List two primary radiological hazards associated with spent nuclear fuel.

• A. External gamma radiation from decay products and significant decay heat requiring sustained cooling.
• B. Neutron emission and criticality risk.
• C. Alpha radiation and radon production.
• D. Ozone generation and noise.

Answer: (A)

The key idea is that spent nuclear fuel remains radiologically hazardous mainly because of two factors that continue after removal from a reactor: external gamma radiation from a large inventory of decay products, and the significant decay heat that must be removed to keep the fuel safely cooled.

External gamma radiation comes from many gamma-emitting isotopes produced in fission.
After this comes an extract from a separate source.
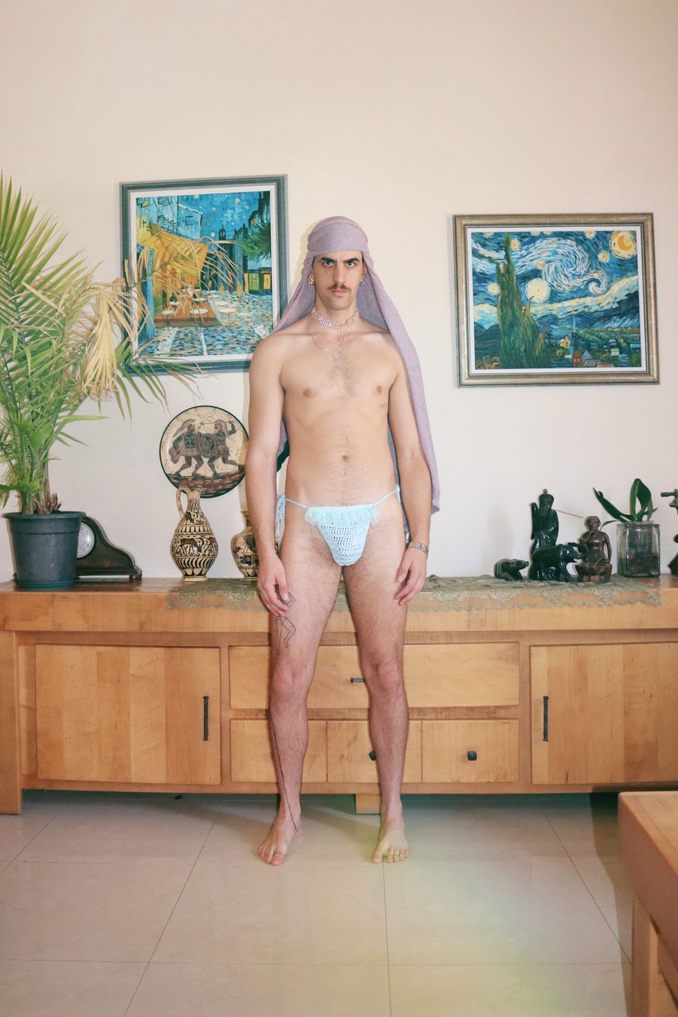 "Every piece is customized, material and color-wise, detailed with pearls and crystals," Haken says of their designs, available to order online. "It is not very common celebrating the male body in that way: unthreatening and non-aggressively, with soft colors and soft textiles."

These gamma rays travel and expose nearby workers and surroundings if not adequately shielded, so mitigating external dose requires substantial shielding and distance.

Decay heat is the thermal energy released as these radionuclides decay. Even after the reactor is shut down, this heat must be continuously removed; without cooling, the fuel cladding could overheat, potentially damaging fuel integrity and storage systems.

The other issues listed—neutron emission and the risk of criticality, alpha radiation with radon production, or unrelated effects like ozone generation and noise—are concerns in certain contexts, but they do not represent the dominant radiological hazards of spent fuel in typical handling and storage scenarios.